Task objective. Restate, exactly as written, the entries below from the line that holds "新品双向遛娃溜娃神器手推车儿童大脚踏折叠宝宝轻便婴儿四轮带娃 黑色双向大脚踏 五点式坐垫+礼品" through the line that holds "Lepidium densiflorum. |". Pictures are not part of the copy.

Stored dataset items.
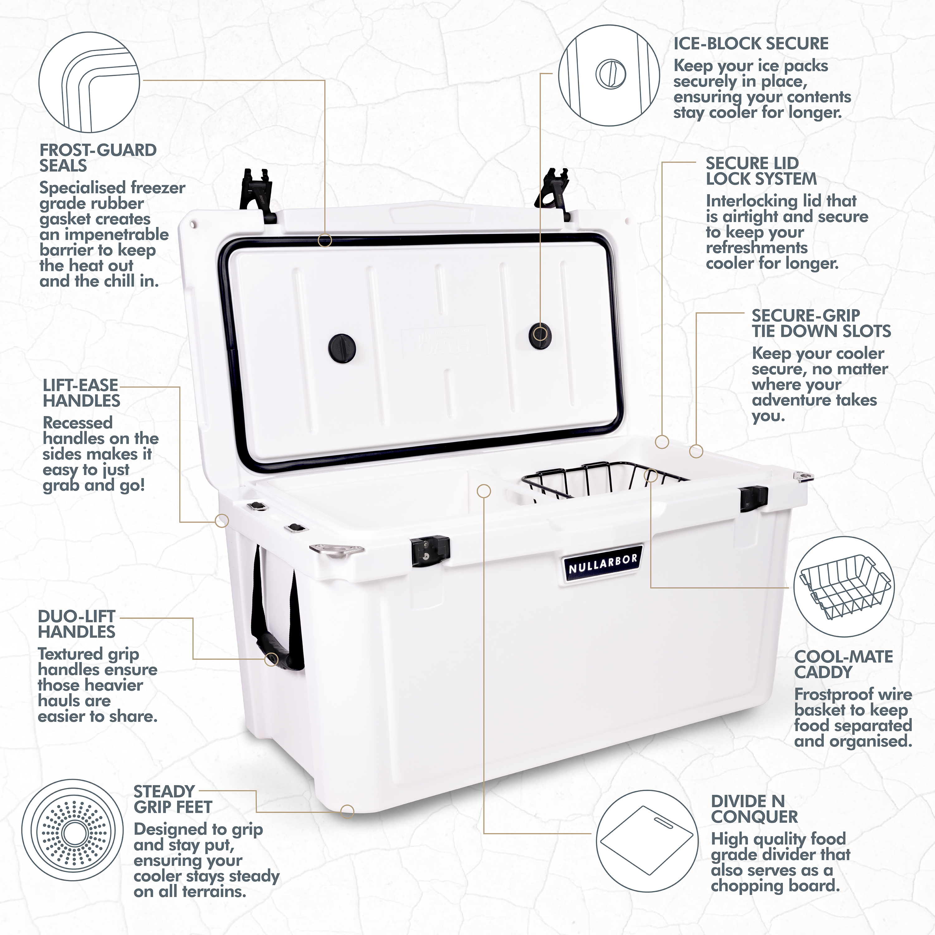 Whether you're embarking on an Outback expedition, out fishing or simply enjoying a day with some mates, the Nullarbor cooler range is here to ensure your refreshments stay icy cold. Features
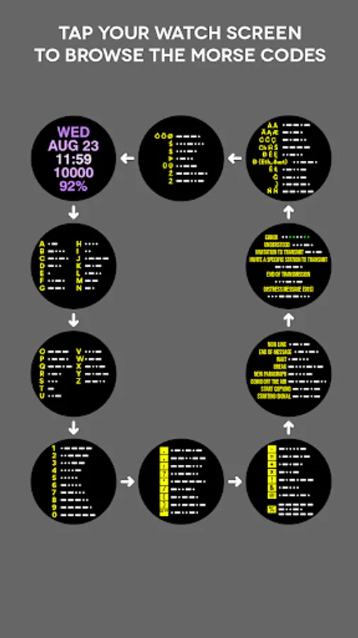 Tap on the watch face repetitively to browse through the 9 pages of Morse Code list and back to the watch face again.
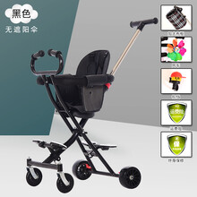 新品双向遛娃溜娃神器手推车儿童大脚踏折叠宝宝轻便婴儿四轮带娃 黑色双向大脚踏 五点式坐垫+礼品
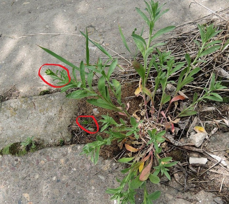 | Александр Эбель | В левой части основного фото видны два маленьких экземпляра (верхний - с зубчатыми листьями и заметными бутонами) - вероятно, это Lepidium densiflorum. |
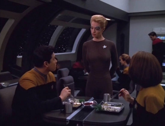 Seven of Nine stands apprehensively in the USS Voyager's mess hall, watching other crewmembers as they sit, eat and interact. She approaches a table, at which Lieutenant jg B'Elanna Torres and Ensign Harry Kim are sitting. She begins to engage them in conversation but all she does is confuse Kim and antagonize Torres. Her manner is brusque, her questions demanding personal information instead of asking, and she does not wait for the answers.
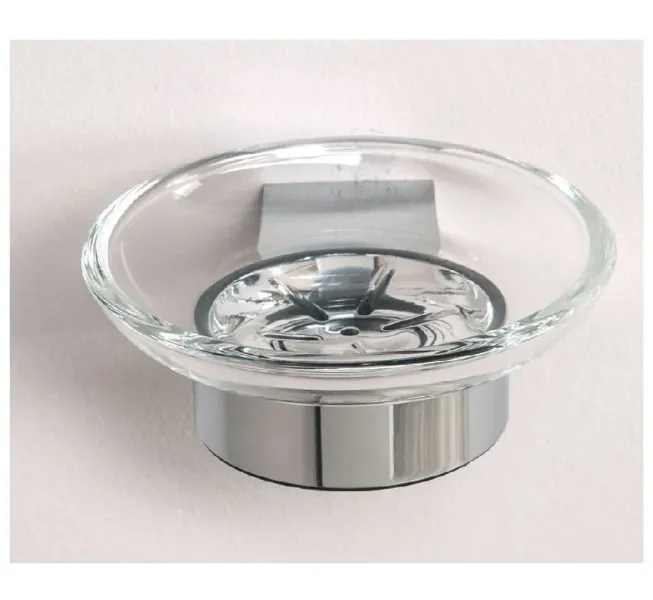 Мыльница для ванной комнаты Aquanet 5685 из прозрачного стекла круглой формы имеет очень простое с одной стороны и вместе с тем оригинальное дизайнерское решение. Предусмотренное для нее массивное крепление к стене перетекает в широкое кольцо, в котором надежно установлена прозрачная емкость для мыла словно маленькая тарелочка. Такой вариант мыльниц, когда стекло устанавливается на подставке из металла, покрытого хромом, считается самым надежным. Они изящно смотрятся, легко моются, ими удобно пользоваться.
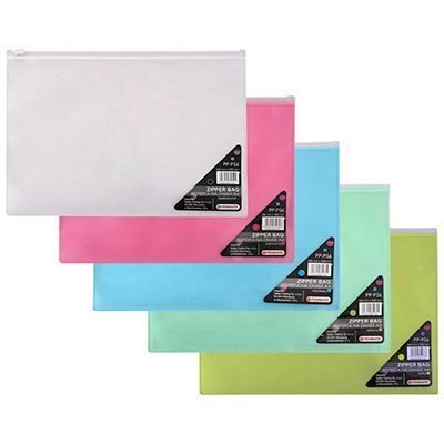 Koperta wykonana z bezbarwnego lub kolorowego polipropylenu. Zamykana na bezbarwny zamek strunowy. Wymiary: 340 x 238 mm
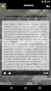 इस आवेदन में आप इस तरह के uniformology के रूप में कोलंबिया के राष्ट्रीय सेना के सैन्य संस्कृति के दृश्य तत्वों, की जानकारी (सैन्य वर्दी, बैज, पदक और बैज) मिलेगा, हेरलड्री, Vexilología (झंडे (हथियार और इकाई के धब्बे के कोट), बैनर, pennants और स्मारक संबंधों), संगीत Marcial (भजन, एनिमेशन, प्रदर्शनों, बिगुल कॉल, प्रार्थना, टोस्ट), Doctrinal शब्दावली (सैन्य शब्दावली) और इस विषय पर नियमों।
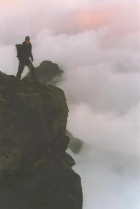 Kvällsolen ger molnen i bakgrunden det orangea skenet. Vi övernattade på toppen.
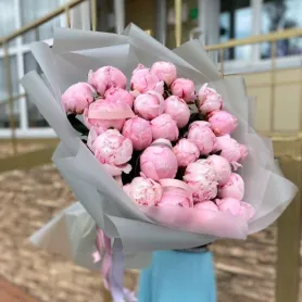 Этот восхитительный монобукет из розовых пионов наполнит вашу жизнь нежностью и элегантностью.

Response area.
 新品双向遛娃溜娃神器手推车儿童大脚踏折叠宝宝轻便婴儿四轮带娃 黑色双向大脚踏 五点式坐垫+礼品
 | Александр Эбель | В левой части основного фото видны два маленьких экземпляра (верхний - с зубчатыми листьями и заметными бутонами) - вероятно, это Lepidium densiflorum. |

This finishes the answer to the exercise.